Help - Web scrapping HTML webpage

emo_121 · Oct 2, 2020

I help some help in web scrapping. Im not sure if this is possible

Some details:
Im using Open hardware Monitor which by itself have a remote web server.

On my Rpi, going into the webpage url of 192.168.1.1:8085 can show the data of the cpu temps, volts etc.
My rpi is locally connected only.

Currenly my code is as follows:

Code:

import pandas as pd
import requests as rq

URL = '192.168.1.1:8085'

table = pd.read_html(URL)
print(len(table))
print(table))

It manages to print something. But i am unable to see the whole table form.

Any help on how to print the value that i want?
For example, how do i script it to store cpu Vcore temperature as array =[min,value,max] and print it out?

Any help will be appreciated!

davidktw · Oct 3, 2020

emo_121 said:
I help some help in web scrapping. Im not sure if this is possible

Some details:
Im using Open hardware Monitor which by itself have a remote web server.

On my Rpi, going into the webpage url of 192.168.1.1:8085 can show the data of the cpu temps, volts etc.
My rpi is locally connected only.

Currenly my code is as follows:

Code:

import pandas as pd import requests as rq URL = '192.168.1.1:8085 table = pd.read_html(URL) print(len(table)) print(table))

It manages to print something. But i am unable to see the whole table form.

Any help on how to print the value that i want?
For example, how do i script it to store cpu Vcore temperature as array =[min,value,max] and print it out?

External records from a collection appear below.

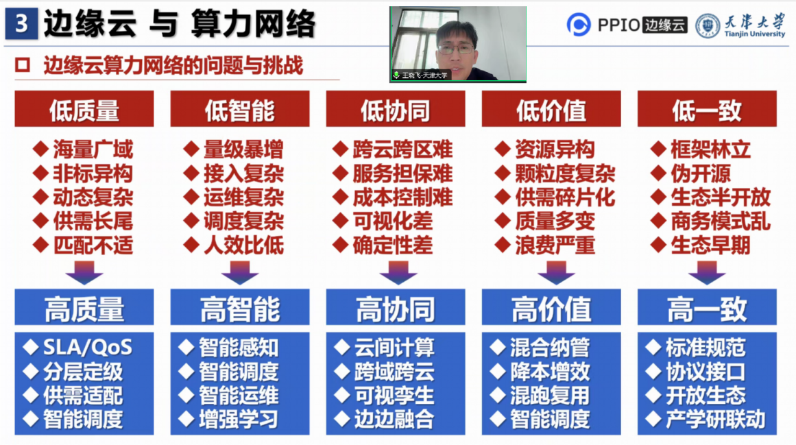 大模型技术掀起了通用人工智能时代的巨幕,而如何建设低时延、高效能、泛在弹性的算力基础设施以支持大模型训练推理和持续迭代成为了核心问题之一。王晓飞教授介绍了边缘云与算力网络的发展历史、现状、趋势,并指出未来分布式网络有大小模型混合发展、训推融合部署、算力与网络协同发展的必然趋势,同时介绍了边缘云与算力网络近来面对的任务颗粒越来越碎片化、算力需求越来越多维异构、时延要求越来越高等挑战。在此次报告中,王晓飞教授从智能调度、服务保障、供需预测、算力交易等角度分享有关科研进展,并且分享了真实场景收集的边缘云算力网络基础设置与业务预测等数据集。最后,王晓飞教授还介绍了以 PPIO 为代表的相关产学研合作落地应用。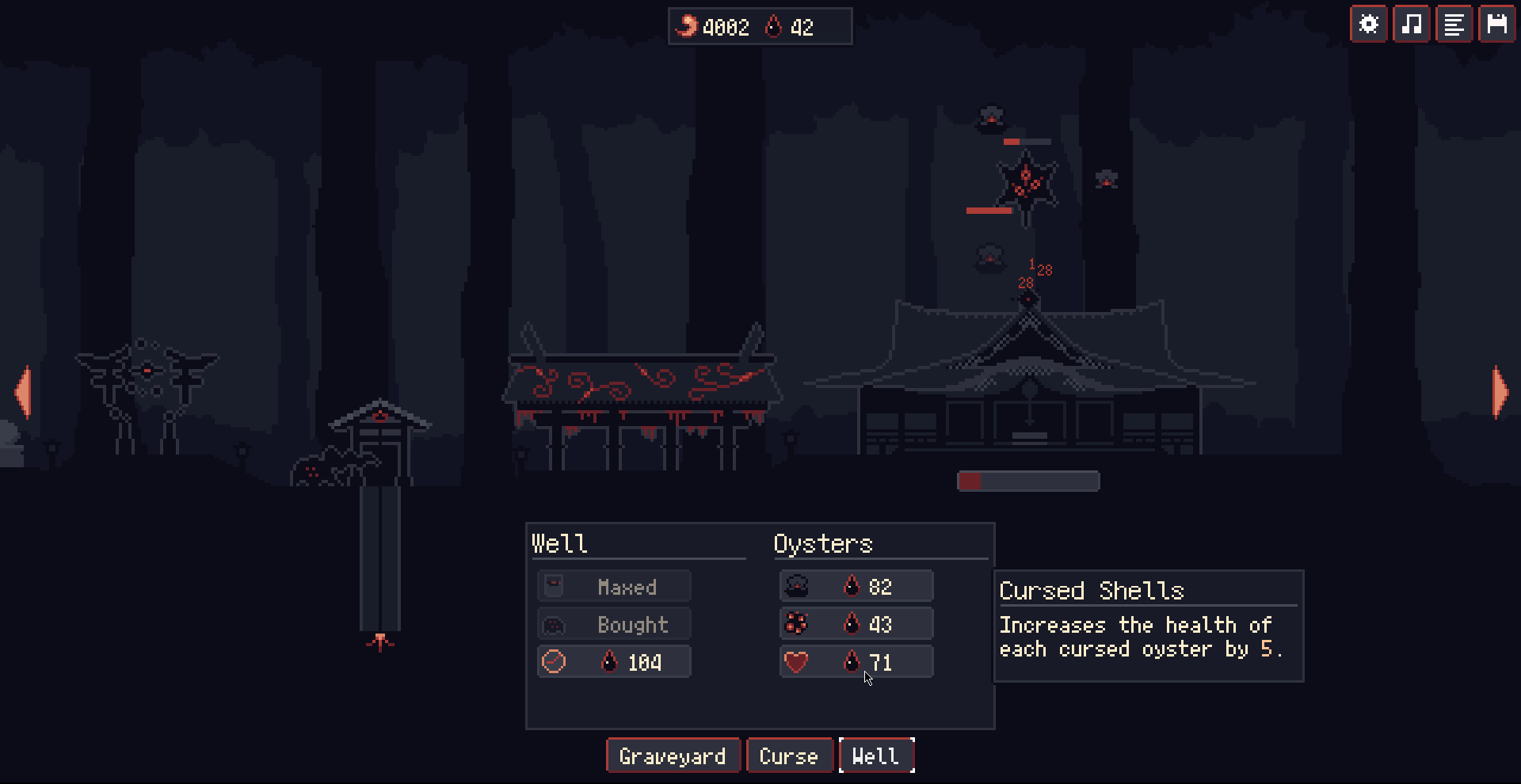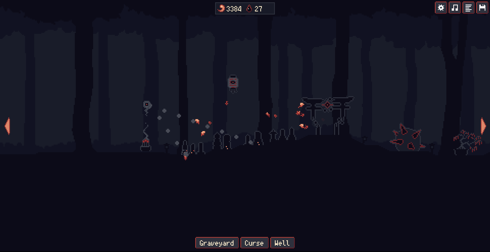 For the end game I would’ve love to see some details about damages from the last curse, how it is calculated, and the link with the total number of collected souls. Overall, the end game felt a bit slow, but mostly because you have to maintain the mouse button pressed on that well for so long… Also I felt sad that the last upgrade of the well speed collection was still below manual speed, my hope of finally releasing that mouse button was crushed…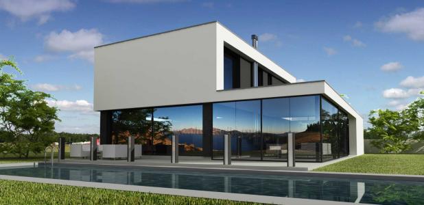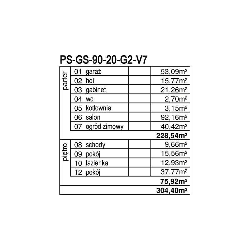 PS-GS-90-20-G2-V7 to jeden z budynków o bardzo nowoczesnej formie i bardzo dobrych parametrach cieplnych oraz tani w budowie. Zaprojektowaliśmy go z myślą o młodych ludziach potrzebujących dużo otwartej przestrzeni w części dziennej na parterze. Na piętrze znajdują się trzy sypialnie jedna duża i dwie mniejsze. Duża sypialnia posiada odrębną przestronną łazienkę. Budynek może mieć pojedynczy (-G1), podwójny (-G2) lub na 4 stanowiska (-G4) garaż. Przed Garażem zaprojektowane zadaszenie osłaniające wejście do budynku. Ogromne szyby z salonu na ogród zimowy dają efekt dużej przestrzeni i swobody. Ogród zimowy może być otwierany na całej szerokości. Na całej szerokości obiektu usytuowano pokój dzienny z otwartą kuchnią i jadalnią. Budynek ma bardzo dobre parametry energetyczne uzyskane przy bardzo niskich kosztach budowy Uk 0,11. Budynek jest tak zaprojektowany aby strefa całoroczna mogła się zamknąć w obrębie środkowej dwukondygnacyjnej części. Takie rozwiązanie pozwala zmniejszyć przestrzeń użytkową (ogrzewaną do ok 160m2) w czasie grzewczym. Nie jest to wymóg, a jedynie możliwość pozwalający zwiększyć energooszczędność budynku. Ściany w systemie pustaka ceramicznego lub komórkowego, ocieplenie 30 cm styropianem lub wełną mineralną, dach płaski z membraną Firestone.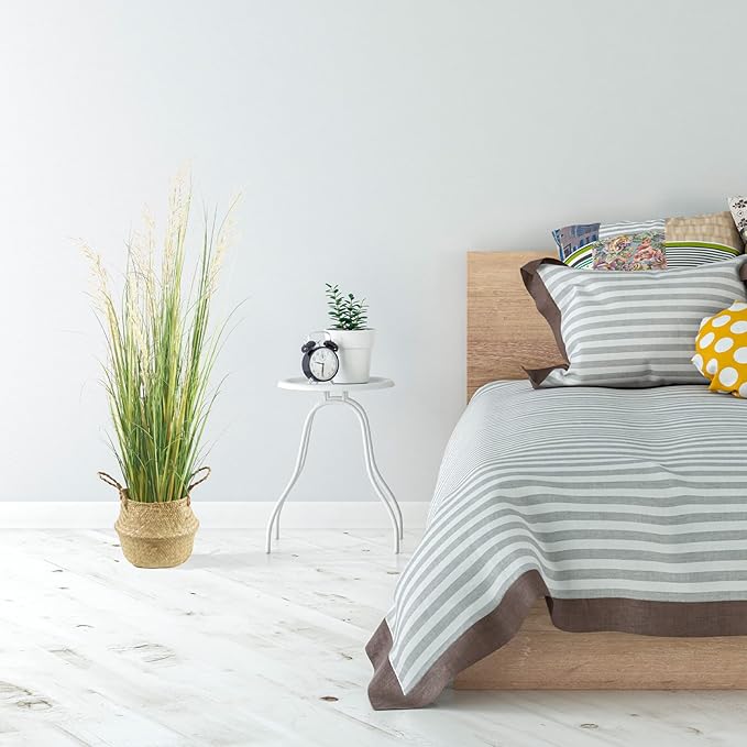 - 1.This faux plant features close to natural green grass with 5 white silk reed flowers, all inside a durable and solid flowerpot. Artificial pampas grass is 47 inches high.base with a black plastic pot in 5'' dia ,5.9''high.it’s easy to put it in a nice bigger planter as desired.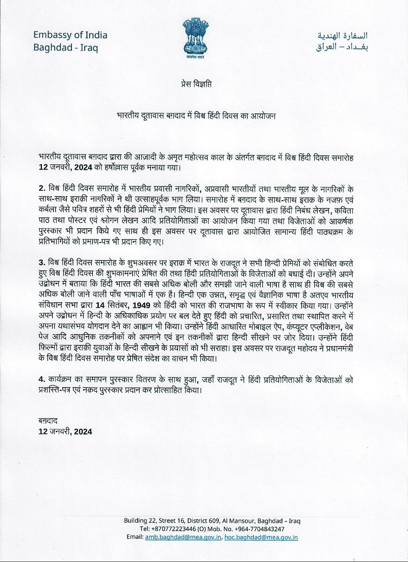 Press Release: Celebration of 'World Hindi Day' in Embassy of India, Baghdad.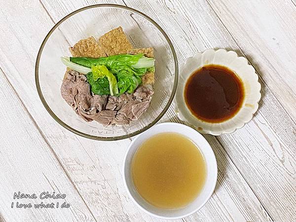 接著川燙想吃的配料,我準備的是油豆腐、小白菜跟肉片,燙熟後將配料放在麵體上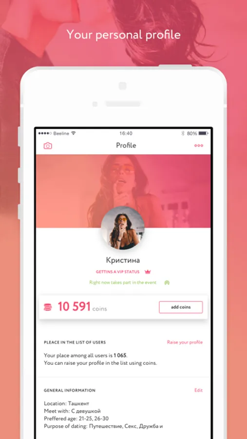 2. Raise your own profile in the general list, be in the first place, becoming the most popular in your city and get more new nice dating and account views.
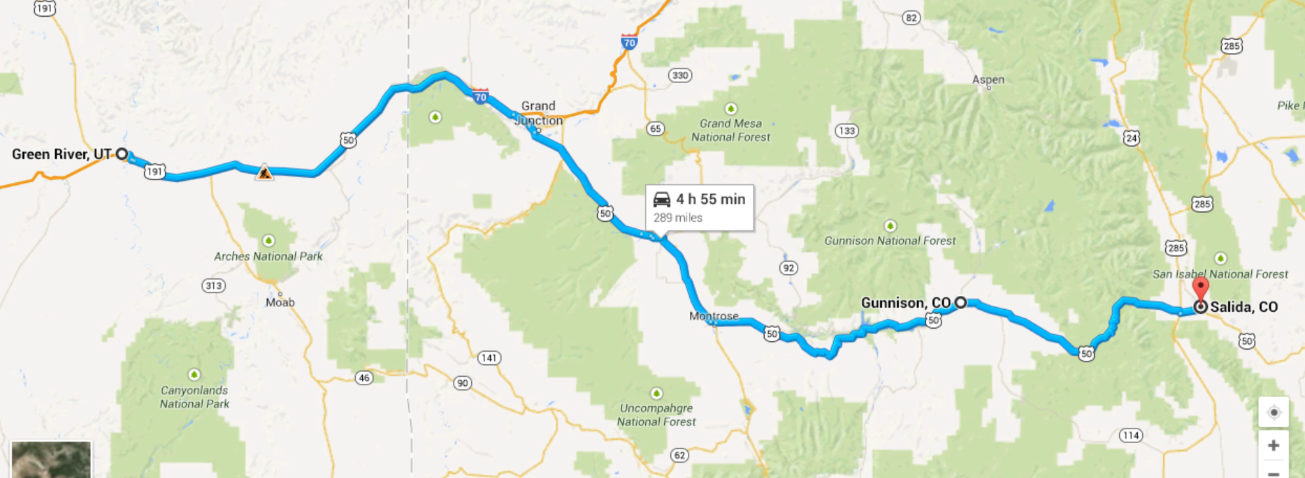 Stops: 3 (Pueblo CO (breakfast), Lamar CO (cold drinks), Garden City KS (gas))

Any help will be appreciated!

Resolve your syntax errors first, then give us a html output of your open hardware monitor webpage.

emo_121 · Oct 3, 2020

davidktw said:
Resolve your syntax errors first, then give us a html output of your open hardware monitor webpage.

Appologies. My code are manually typed out as I couldn't copy and paste onto here. I have updated my code in my orginal post.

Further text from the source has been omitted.